The most highly attended session during the whole weekend occurred on Saturday evening, when close to eight hundred people gathered to hear Stephen Lewis. I doubt that’s a new name to anyone here. Perhaps you’ve heard Mr. Lewis during his recent trip to Yellowknife, being interviewed on the radio, or in the 2005 Massey Lectures, which were repeated again during the summer of 2006. The lectures inspired his book “Race Against Time” which tells the story of AIDS ravaged Africa, and his rage at western complicity in the crisis - that continues because promised money has never materialised and because of policies enacted by the World Bank and the International Monetary Fund which only deepen the problems and a further lack of funds to deal with the monumental issues brought about because of AIDS and HIV. At first impression it might seem that Mr. Lewis does not quite fit the mould of prophet. After all, people were hanging on his every word during his speech in Victoria. Surely prophets are not that popular.

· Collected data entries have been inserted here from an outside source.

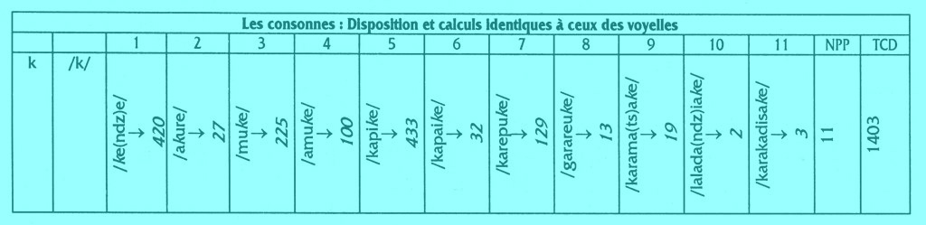 Si on traduit ce tableau par un graphe, on s’aperçoit sans surprise que les consonnes ont une position favorite d’ordre impair. Ce graphe vient en complément de celui des voyelles.
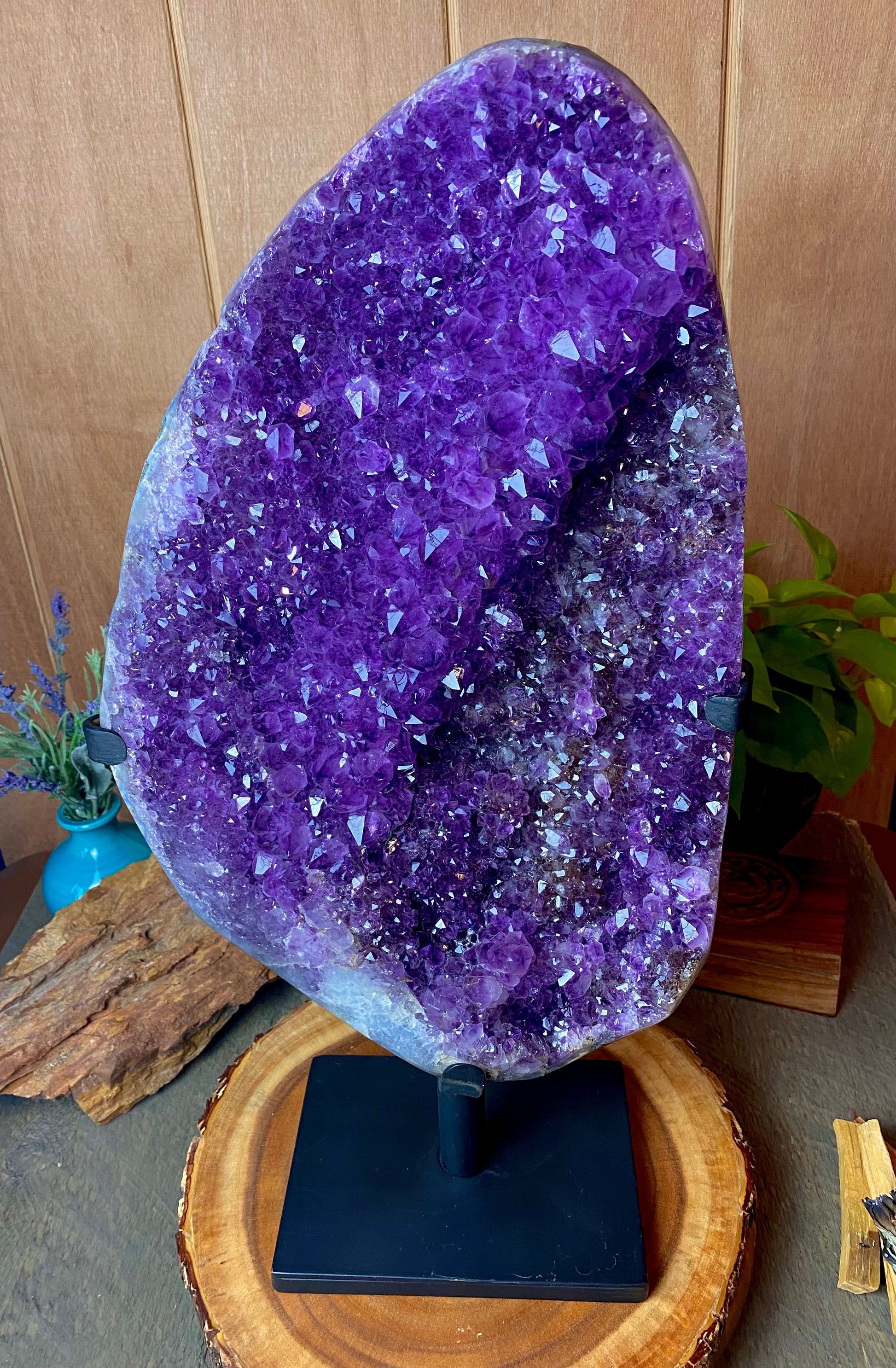 Amethyst (AM-eh-thihst) is a favorite stone for many gemstone fans. This type of quartz can come in shades of deep purple, pale lavender, and more, depending on traces of manganese and/or iron. According to Greek myth, Amethystos, a nymph, evaded the advances of Dionysus, the god of wine. Amethystos asked for help, and Artemis the virgin goddess changed her to a clear or white stone. Dionysus ended up pouring his wine over the stone, staining it purple.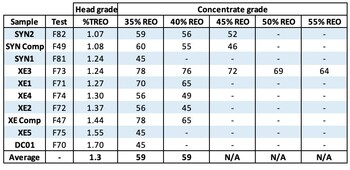 | Table 3 shows the testwork results for the variability samples comprising pure XE and SYN lithologies. The flotation plant is expected to only see such lithologies when they are blended with DC. However, the data show that if the lower grade XE and SYN material are processed alone, at a target flotation concentrate grade of 40% TREO, the average recovery rate will be 59%.Table 3: Recovery rates at concentrates of specified grades - SYN and XE samples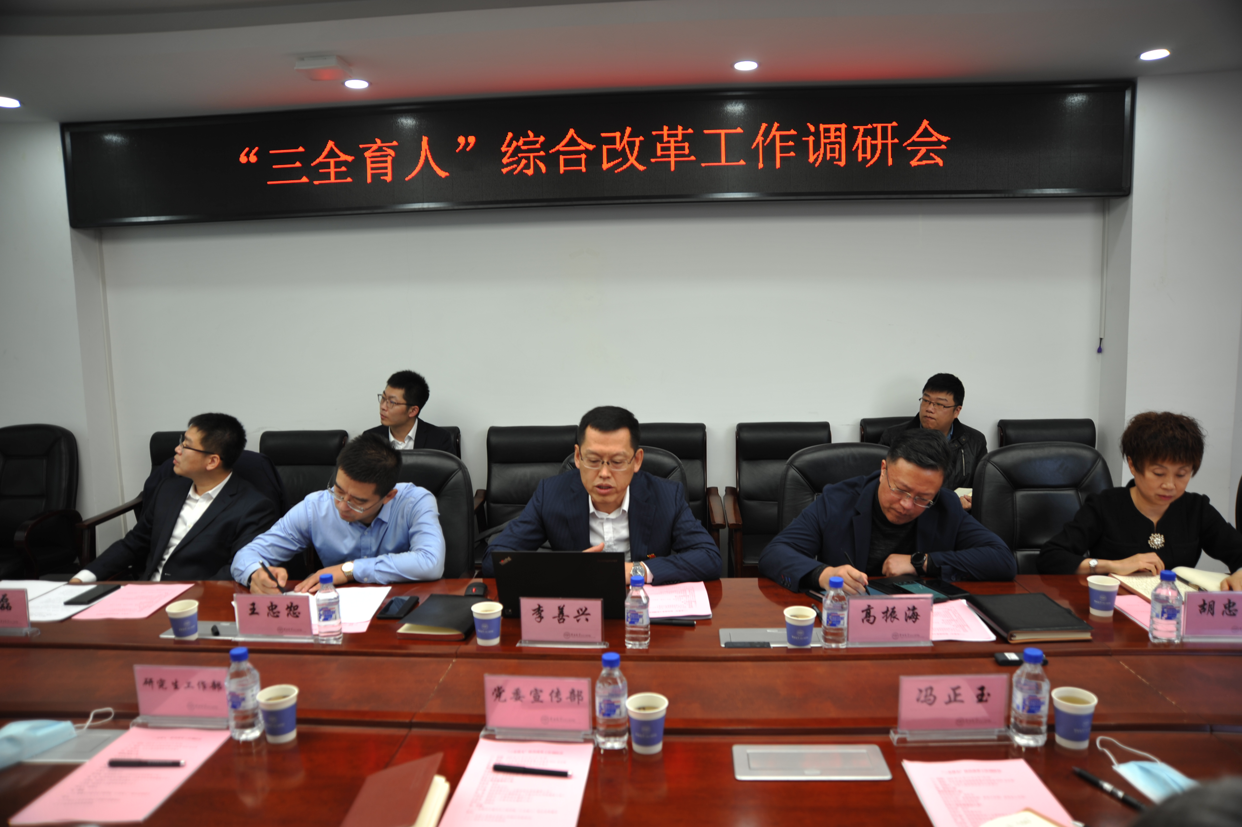 李善兴书记代表公司党委对公司的“三全育人”综合改革工作进行了汇报。他从“课程育人重思政”“科研育人重协同”“实践育人重平台”“文化育人重风尚”“网络育人重阵地”“心理育人重帮扶”“资助育人重精准”“组织育人重创新”“管理育人重服务、服务育人重管理”等十个方面进行了汇报,对“三全育人”综合改革工作存在的问题以及下一步的工作提出了具体的举措。公司领导班子成员结合工作实际和自己的感悟与各部门负责人进行了积极地交流。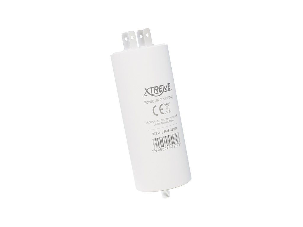 Rozbehový kondenzátor 80uF/450V 3353- je určený pre jednofázové striedavé indukčné motory používané v domácich aj poloprofesionálnych zariadeniach. Pomáha motoru pri bezpečnom a spoľahlivom rozbehu, zlepšuje jeho štartovacie vlastnosti a prispieva k stabilnej prevádzke.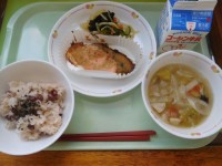 れんこん・切り干し大根・梅肉という、低学年には苦手な人が多そうな和え物です。かたまりのれんこんが苦手なら、うす切りにすると食べやすくなります。みんなは、食べられたかな?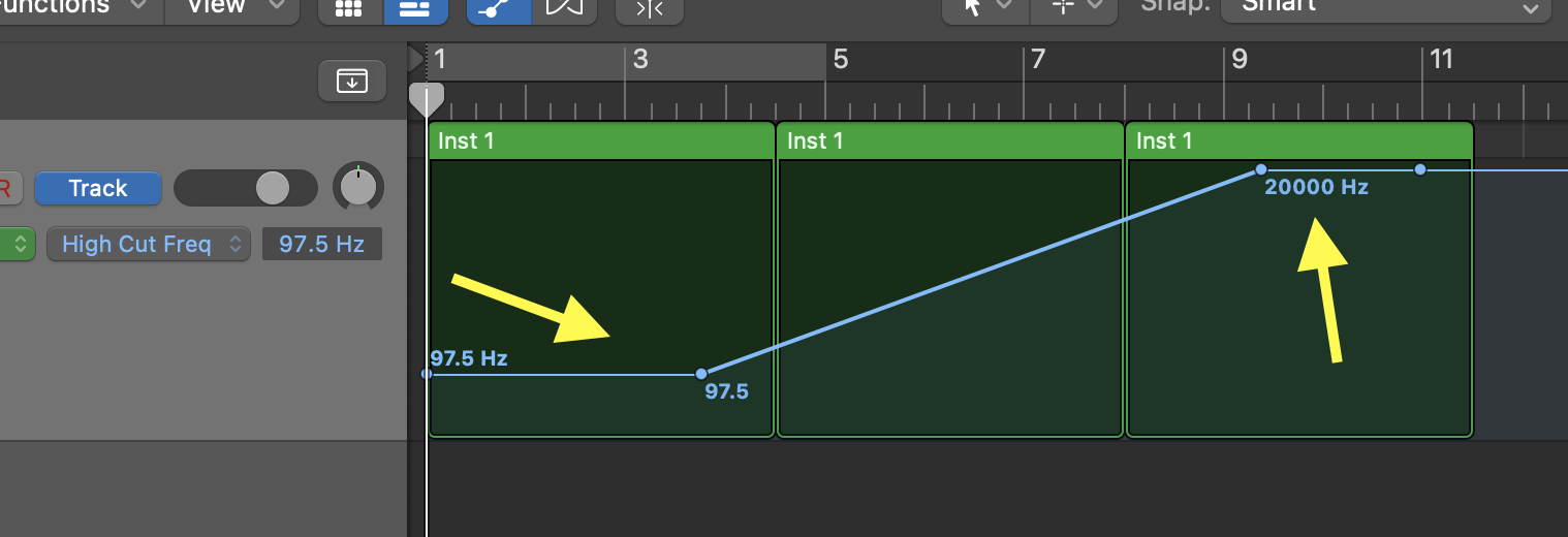 • Towards the beginning of the MIDI region, click on the line on the track to create an automation point, then drag this point to about 100Hz; then click to create another point towards the end of the third loop, and drag this point to 20,000Hz. You can use the eraser tool to delete automation points (hit "t" to open the tool palette, then choose the eraser tool).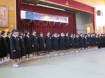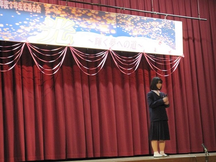 昨日の5・6時間目に3年生の卒業を祝う3年生を送る会を開催しました。今年のテーマは「光~輝く夢への道~」1年生からは歌と呼びかけ、2年生からはテーマを意識した劇パフォーマンスが披露されました。1年生2年生思い出映像で3年生の3年間を振り返り、記念品をプレゼント。3年生からもお礼の歌を披露されました。3年生3年生の卒業まであと少し。手作りの送る会を開催し、生徒全員で思い出に残る時間を過ごすことができました。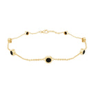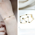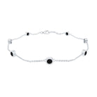 Enhance your wrist with the brilliance and sophistication of this Station Chain Bracelet. It showcases seven round cut Black Spinel stones, each securely held in a bezel setting, emanating a radiant glow. These AAA quality black spinel stones are thoughtfully spaced along a delicate chain, allowing each gem to shine independently. This Black Spinel Bracelet achieves an ideal harmony between minimalism and elegance, offering a subtle yet captivating sparkle to your everyday outfits. You can wear it solo for a stylish, effortless look or layer it with other cherished pieces; this Bezel Set Bracelet is a vital addition to your jewelry collection. Additionally, it makes a delightful gift for your loved ones, making it suitable for celebrating milestones, birthdays, or simply honoring lifes beautiful moments. Whether you are getting ready for a night out or looking to elevate your daily look with a touch of glamour, this august birthstone bracelet effortlessly enhances your fashion style.

Except when you recognise that being ignored, ridiculed or condemned cannot solely be judged by who shows up for your speeches. Surely the fact that even though Mr. Lewis has called for western countries and the United Nations to simply meet their promised obligations, those calls are largely unheeded is another form of ridicule, condemnation and a sign that despite his eloquence, the compassionate and powerful case that he makes, that he is largely being ignored. In fact, given all that he has seen in his many travels to Africa, given all the opposition he has faced in trying to bring some justice to the people of Africa, it is actually unbelievably amazing that Stephen Lewis continues to have hope. He still believes that solutions are possible, that the effects of the disease can be turned around. Hope in the midst of unfathomable misery. Rage against the powers that be. That sounds like a prophet to me.
The other prophet I heard in Victoria is even more familiar to some of us. His name is Bill Phipps, a former moderator of The United Church of Canada - and a new grandpa, as he was quick to tell everyone in Victoria - proudly announcing that his new grandson was born one hour before the inauguration of Barack Obama. The significance of the vastly different world that his grandson was born into versus the one we’ve experienced over the past eight years was not lost on any of us. I would like to say more about what Bill had to say to us in a workshop I attended last Saturday afternoon, but I’ll leave that for another day. Let me just say that he outlined the themes he considers in his book “Cause for Hope”. Let me tantalize you a bit with these words, paraphrased from what I heard Bill say - “that the current economic crisis is an opportunity for us to expose the global economic empire for what it is - a system that rewards the strong and oppresses the weak - until it is proven to be a sham - like right now. But even when it is failing - the poor are still the losers. But we are people who have a different view of the world. We are followers of one who said that the first shall be last, the last shall be first, the weak are strong and peacemakers are a blessing. And we meet every week - a community of people who gather at table to find strength in community, to feed our souls, our resolve and our bodies with bread for the journey. When Jesus arrived in Capernaum, at worship he spoke of God’s community in words and then demonstrated God’s community in action. And we are called to follow. Amen.